By the 1950s, ordinary Mainers were getting fed up. In Lewiston, businessmen got together and formed “indignation meetings” and “action clubs.” They petitioned the legislature, talked to the governor, wrote editorials, and began the process of seeking remediation.
“Those are the first real environmental organizations, you might say, in this state,” Judd said.
At first, the arguments to clean the rivers were rooted in economics. But as time passed, the effort broadened, with other groups getting involved in the conversation around water quality. Those included local fish and game clubs, garden clubs, and parent-teacher organizations.
“Ordinary people showed up at these meetings tirelessly to promote the idea of environmental legislation,” Judd said.
Water is Maine’s ‘brand identity’
Maine has 6,000 lakes, 31,000 miles of rivers and streams, and 3,500 miles of coastline, and the quality of those waters is part of the state’s brand identity, Didisheim said. Water provides important recreation opportunities and is critical to many businesses and industries, including the state’s emerging role as a mecca for craft beer.

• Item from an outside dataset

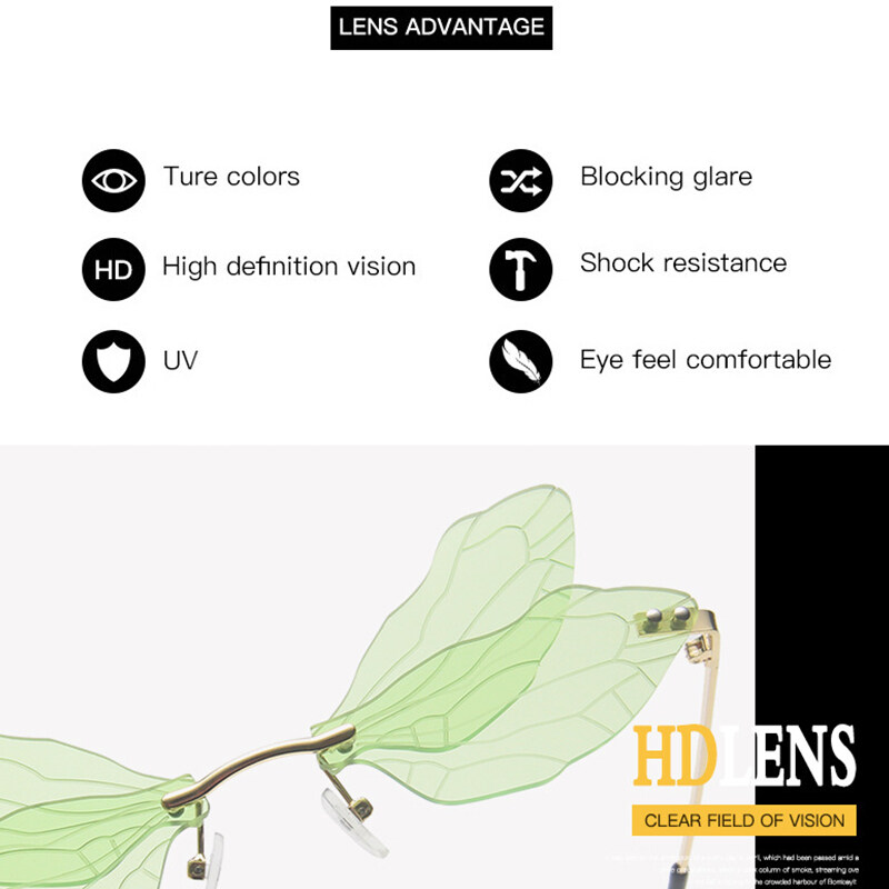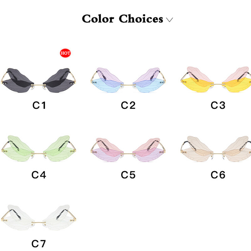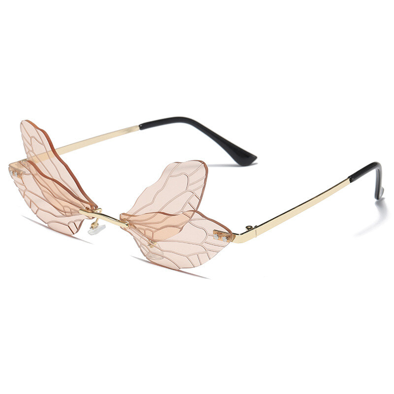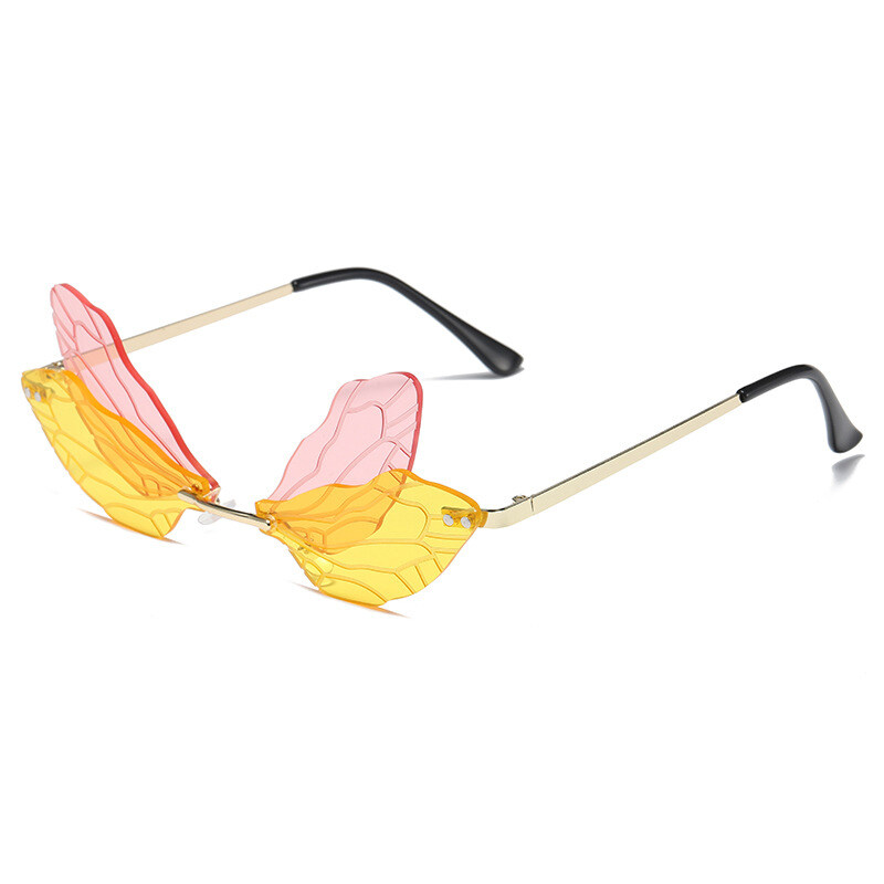 New Personality Frameless Cut Edge Sun glasses for Women European and American Style Funny Prom Shades for Women Ladies Dragonfly Wings Sun Glasses PTQ

These days, many water-quality indicators are positive, he said. Thanks to dam removals and water cleanup, Atlantic salmon are making it all the way to the lower falls of Gulf Hagas, 150 miles inland from the ocean. And people gather along the Kennebec in Augusta and Hallowell “just to watch sturgeon leaping, which is really an extraordinary thing given how dead our rivers were,” Didisheim said.
His group continues to advocate for strong environmental policies and for the removal of some of the 1,000 dams that remain on Maine rivers.
Maine does face water-quality challenges, including PFAS, a chemical contaminant that has been found in drinking and surface water; climate change, which is causing lake temperatures to rise; and waterfront-development pressures, which have led to increased nutrient runoff to lakes. There’s also political pressure, he said, including a case currently before the Supreme Court that could undermine federal regulatory authority.
Didisheim hopes that the Clean Water Act, and the can-do civil spirit in which it was conceived, will remain strong enough to continue mitigating these challenges.
“It really is an incredible demonstration of the power of legislation propelled by advocacy and implemented through regulatory authorities to require the polluters to clean up their messes,” he said.